### TASK ITEM
Could you please output all of the data exactly, without the images?
** Opening RECORDED INFORMATION block **
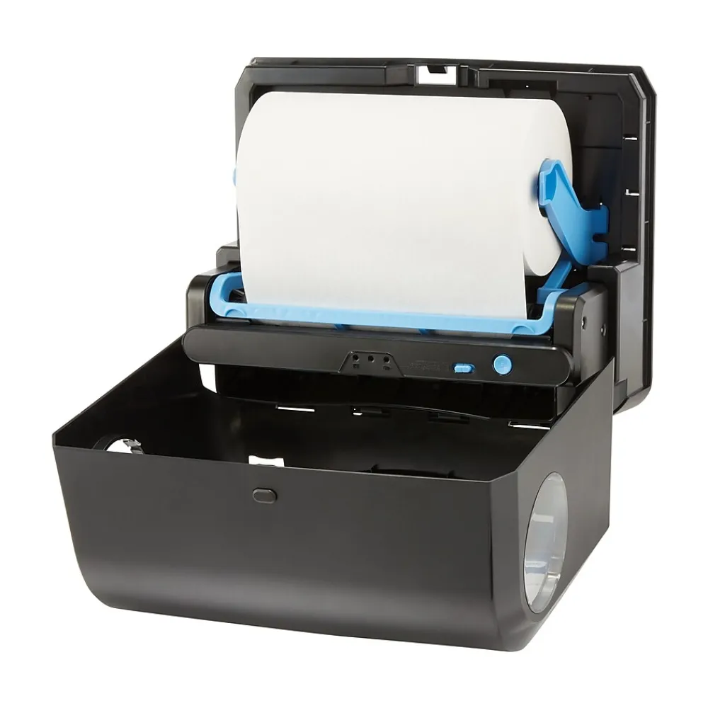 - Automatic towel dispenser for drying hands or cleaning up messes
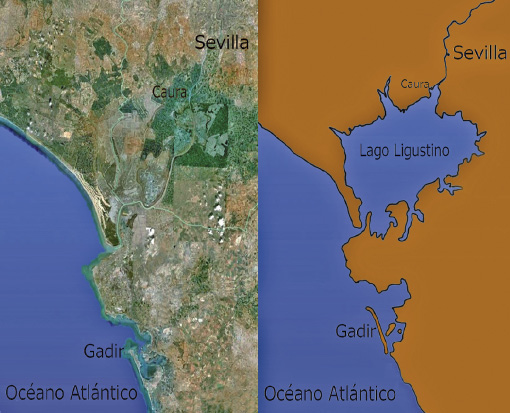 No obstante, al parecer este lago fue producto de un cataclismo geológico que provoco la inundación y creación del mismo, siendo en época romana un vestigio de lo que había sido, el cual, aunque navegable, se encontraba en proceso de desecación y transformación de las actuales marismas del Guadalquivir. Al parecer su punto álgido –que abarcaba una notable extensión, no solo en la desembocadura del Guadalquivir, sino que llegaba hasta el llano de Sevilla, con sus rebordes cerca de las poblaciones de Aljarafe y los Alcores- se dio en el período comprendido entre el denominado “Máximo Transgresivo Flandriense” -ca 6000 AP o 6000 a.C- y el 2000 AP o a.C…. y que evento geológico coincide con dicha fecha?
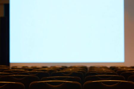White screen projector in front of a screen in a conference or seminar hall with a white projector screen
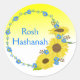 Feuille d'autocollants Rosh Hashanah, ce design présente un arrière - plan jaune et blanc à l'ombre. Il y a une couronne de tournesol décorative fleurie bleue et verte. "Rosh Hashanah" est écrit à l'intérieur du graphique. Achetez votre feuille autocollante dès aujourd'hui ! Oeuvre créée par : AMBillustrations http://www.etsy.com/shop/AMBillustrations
** Closing RECORDED INFORMATION block **
### SOLVED EXERCISE
 - Automatic towel dispenser for drying hands or cleaning up messes
 No obstante, al parecer este lago fue producto de un cataclismo geológico que provoco la inundación y creación del mismo, siendo en época romana un vestigio de lo que había sido, el cual, aunque navegable, se encontraba en proceso de desecación y transformación de las actuales marismas del Guadalquivir. Al parecer su punto álgido –que abarcaba una notable extensión, no solo en la desembocadura del Guadalquivir, sino que llegaba hasta el llano de Sevilla, con sus rebordes cerca de las poblaciones de Aljarafe y los Alcores- se dio en el período comprendido entre el denominado “Máximo Transgresivo Flandriense” -ca 6000 AP o 6000 a.C- y el 2000 AP o a.C…. y que evento geológico coincide con dicha fecha?
White screen projector in front of a screen in a conference or seminar hall with a white projector screen
 Feuille d'autocollants Rosh Hashanah, ce design présente un arrière - plan jaune et blanc à l'ombre. Il y a une couronne de tournesol décorative fleurie bleue et verte. "Rosh Hashanah" est écrit à l'intérieur du graphique. Achetez votre feuille autocollante dès aujourd'hui ! Oeuvre créée par : AMBillustrations http://www.etsy.com/shop/AMBillustrations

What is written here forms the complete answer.